Полная версия
Ватага (сборник)
– Здорово, ваше почтение, – прохрипел Срамных. – Давай деньги!.. Три тыщи! Видишь, сдержал слово, самолично Зыкова привел. Вот он, он! Давай деньги! – и захохотал. Хохот был хищный, злорадный. У хозяев остановилось сердце, враз похолодела кровь.
– Все возьмите… Батюшки мои, отцы родные… – и оба повалились на колени.
– Богачество можешь оставить при себе, – сквозь зубы сказал Зыков, горой шагая на них. В глазах Зыкова Шитиков мгновенно увидел свою смерть. Кособоко откачнулся и, прикрыв голый, как яйцо, череп ладонями, пронзительно завизжал. Зыков резко два раза взмахнул чугунным безменом, и все смолкло.
– Приплод есть? – спросил Зыков.
– Нету.
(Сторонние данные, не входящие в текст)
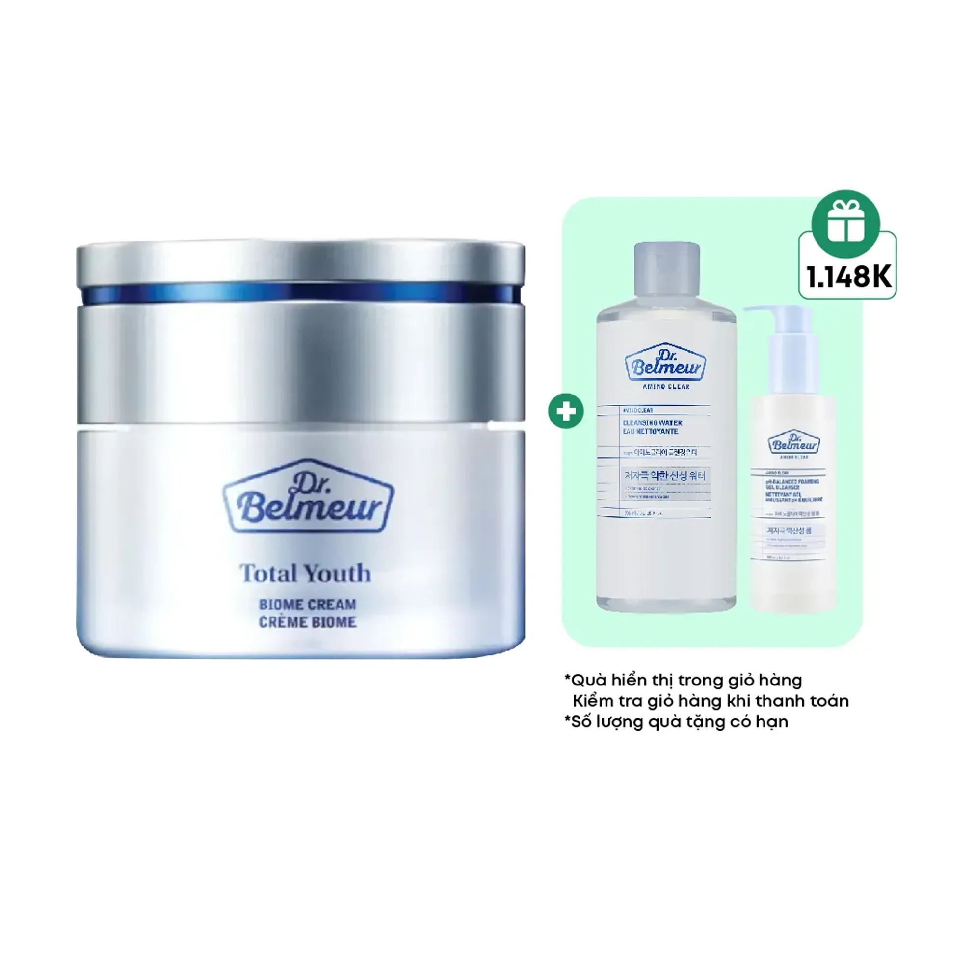 Combo Dịu Nhẹ Dr.Belmeur (kem dưỡng Total Youth 50ml, sữa rửa mặt 190ml, nước tẩy trang Amino 295ml)
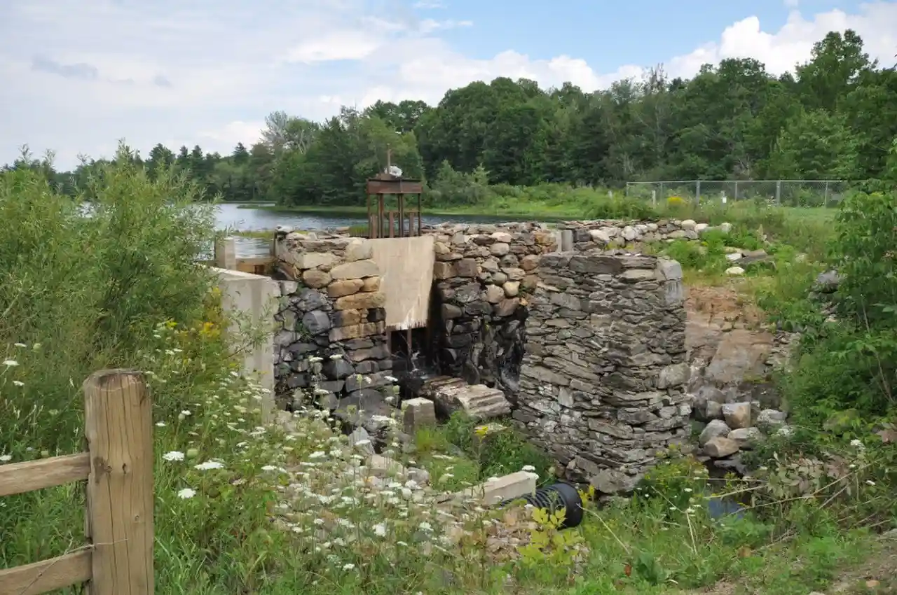 The Dinsmore Grain Company Mill was a historic early 20th-century mill building on Branch Mill Road in China, Maine, USA. Built in 1914 on a site with nearly 100 years of industrial use, it was (according to its 1979 listing on the National Register of Historic Places) a well-preserved and functional period water-powered grist mill and sawmill. It was demolished in 2017, and delisted from the National Register in 2023. Read more on Wikipedia

Бездетные они. – Все лицо и глаза Срамных были в слюнявой и подлой улыбке.
– А там кто охает? – Зыков пошел с лампой в соседнюю комнату.
– А это ейная мать, больная…
– Выбросить в окно. С кроватью вместе.
Рыжий с двумя партизанами подняли кровать:
– Побеспокоить, бабушка, придется.
Старуха онемела: ворочала глазами и, как рыба, открывала ввалившийся рот. Поднесли к венецианскому окну и раскачали. Вместе с двойной рамой все кувырнулось на мороз.
Выбросили и те два трупа.
– Эх, дураки… Холоду напустили, – сказал Зыков.
– Законопатить можно. Эвот сколько ковров, – ответил рыжий. – Эй, пошукай-ка, братцы, гвоздочков.
Зажгли все лампы.
– А внизу кто? – спросил Зыков.
– Приказчики да Мавра, стряпуха ихняя.
– Позвать стряпуху. – И сел на кресло.
Мавра была слегка подвыпивши. У самой двери она брякнулась на колени и поползла к Зыкову, голося басом:
– Ой ты, свет ты наш, ты ясен месяц… Батюшка, кормилец, не погуби… Разбойничек ангельский…
– Дура! Ты купчиха, что ли? Встань…
– Верная раба твоя… Ой, батюшка, милый разбойничек… – и заревела в голос.
Зыков нахмурился, подхватил ее под пазухи:
– Жирная, а дура, – и посадил рядом с собой на диван.
– Ой, ой, – скосоротилась она и засморкалась. – Ничевошеньки я знать не знаю, ведать не ведаю… Хошь режь, хошь жги… А только что…
– Слушай…
– Не буду у них, у проклятых буржуев, жить.
– Да слушай же…
– Знать не знаю, ведать не ведаю… Разбойничек ты мой хороший…
– Молчи, сволочь!. – внезапно вскочив, затряс Зыков под самым ее носом кулаками. – Срамных! Растолкуй ей, чтоб на двадцать ртов ужин сготовила… Да повкусней… А баня готова? Фу-у черт, дура баба.
Третий раз грохнула пушка. Стекла и висюльки на лампе взикнули.
– Скажи тому обормоту, как его… Миклухину, достаточно палить. Завтра… – проговорил Зыков и пошел в баню.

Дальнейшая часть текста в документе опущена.